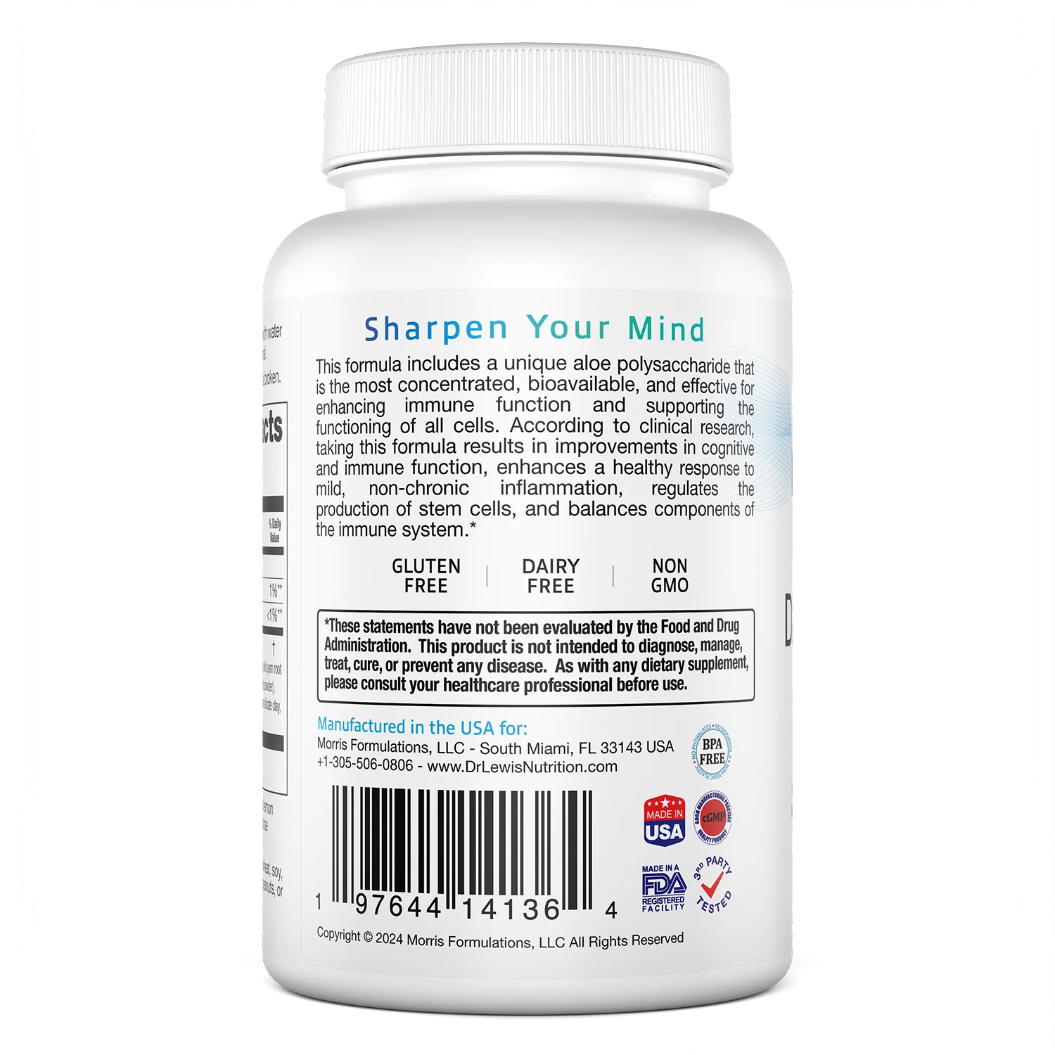The ingredients in this formula provide hundreds of key polysaccharides, vitamins, minerals, fatty acids, amino acids, elements, metabolites, and cofactors to support all of the body's cells. This unique aloe polysaccharide complex is the most concentrated, bioavailable, and effective for enhancing overall immune function.
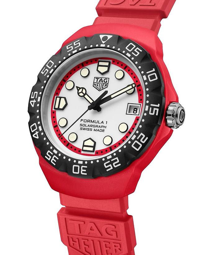 플라스틱으로 만들었던 지난 포뮬러 1의 전통을 따라 이번에도 9개 레퍼런스 중 일부 모델은 합성 소재로 제작됩니다. 태그 호이어는 이번 포뮬러 1을 위해 TH-폴리라이트라는 신소재를 개발했다고 해요. 스테인리스 스틸 케이스로 만든 레퍼런스도 있지만, 다이빙 베젤은 모든 레퍼런스가 TH-폴리라이트 소재로 만들었습니다. 스테인리스 스틸 케이스 레퍼런스 2종과 빨간 TH-폴리라이트 케이스 레퍼런스 1종은 일반 판매 레퍼런스이지만, 그 외 6종은 각각의 F1 그랑프리 일정에 맞춰서 한정 판매될 예정이에요.
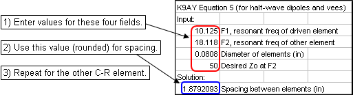 For the element lengths K9AY suggests 477/Freq (in feet) rather than the normal 468/Freq. For spacings you can use the K9AY Eq 5, shown below.
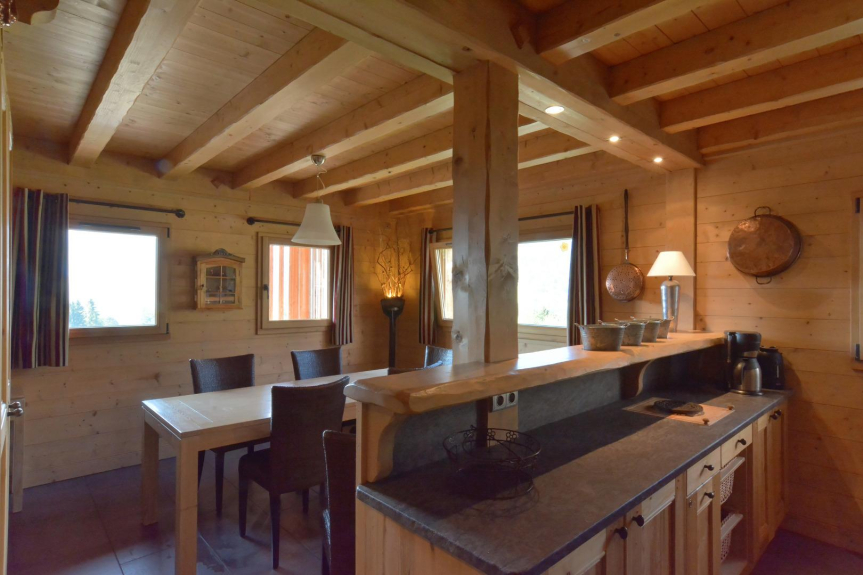Di recente costruzione (2007), molto spazioso, interamente in legno, lo chalet combina tutti i vantaggi del comfort moderno con il fascino, l'intimità e la calda atmosfera dei tradizionali chalet savoiardi. Decorato e arredato con cura.

—————

From the first line to the last, write out the data exactly, dropping any pictures.

The ingredients in this formula provide hundreds of key polysaccharides, vitamins, minerals, fatty acids, amino acids, elements, metabolites, and cofactors to support all of the body's cells. This unique aloe polysaccharide complex is the most concentrated, bioavailable, and effective for enhancing overall immune function.
 플라스틱으로 만들었던 지난 포뮬러 1의 전통을 따라 이번에도 9개 레퍼런스 중 일부 모델은 합성 소재로 제작됩니다. 태그 호이어는 이번 포뮬러 1을 위해 TH-폴리라이트라는 신소재를 개발했다고 해요. 스테인리스 스틸 케이스로 만든 레퍼런스도 있지만, 다이빙 베젤은 모든 레퍼런스가 TH-폴리라이트 소재로 만들었습니다. 스테인리스 스틸 케이스 레퍼런스 2종과 빨간 TH-폴리라이트 케이스 레퍼런스 1종은 일반 판매 레퍼런스이지만, 그 외 6종은 각각의 F1 그랑프리 일정에 맞춰서 한정 판매될 예정이에요.
 For the element lengths K9AY suggests 477/Freq (in feet) rather than the normal 468/Freq. For spacings you can use the K9AY Eq 5, shown below.
Di recente costruzione (2007), molto spazioso, interamente in legno, lo chalet combina tutti i vantaggi del comfort moderno con il fascino, l'intimità e la calda atmosfera dei tradizionali chalet savoiardi. Decorato e arredato con cura.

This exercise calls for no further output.